> **Study material**:
== Segment start ==

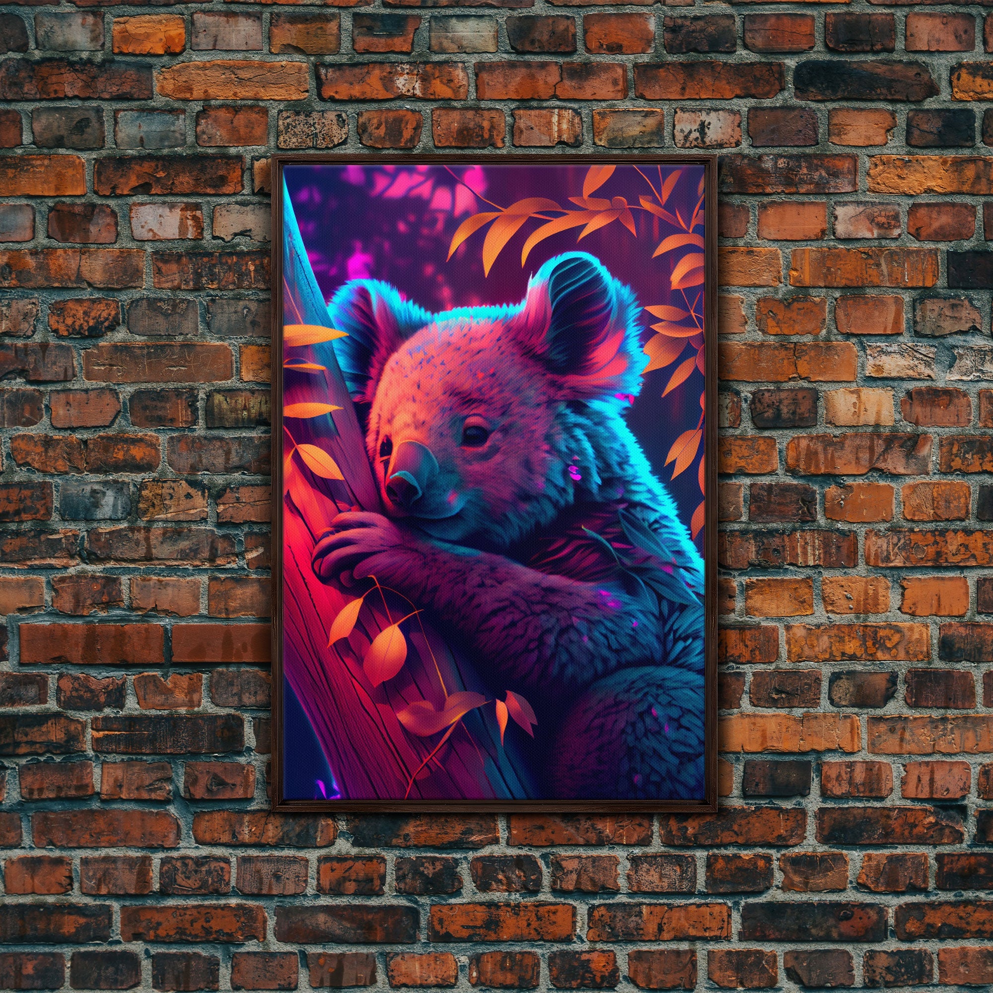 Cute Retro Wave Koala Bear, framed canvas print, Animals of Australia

== Segment end ==
== Segment start ==

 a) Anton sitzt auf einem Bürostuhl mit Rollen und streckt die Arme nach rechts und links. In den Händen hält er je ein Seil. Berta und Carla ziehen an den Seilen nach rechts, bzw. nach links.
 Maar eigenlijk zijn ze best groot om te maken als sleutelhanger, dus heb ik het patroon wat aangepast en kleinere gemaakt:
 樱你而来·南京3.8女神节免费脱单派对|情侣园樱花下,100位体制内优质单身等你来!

== Segment end ==

> **Work task**:
Quote the listing above, but only from the line that shows "a) Anton sitzt" through the line that shows "樱你而来·南京3.8女神节免".

> **Output**:
 a) Anton sitzt auf einem Bürostuhl mit Rollen und streckt die Arme nach rechts und links. In den Händen hält er je ein Seil. Berta und Carla ziehen an den Seilen nach rechts, bzw. nach links.
 Maar eigenlijk zijn ze best groot om te maken als sleutelhanger, dus heb ik het patroon wat aangepast en kleinere gemaakt:
 樱你而来·南京3.8女神节免费脱单派对|情侣园樱花下,100位体制内优质单身等你来!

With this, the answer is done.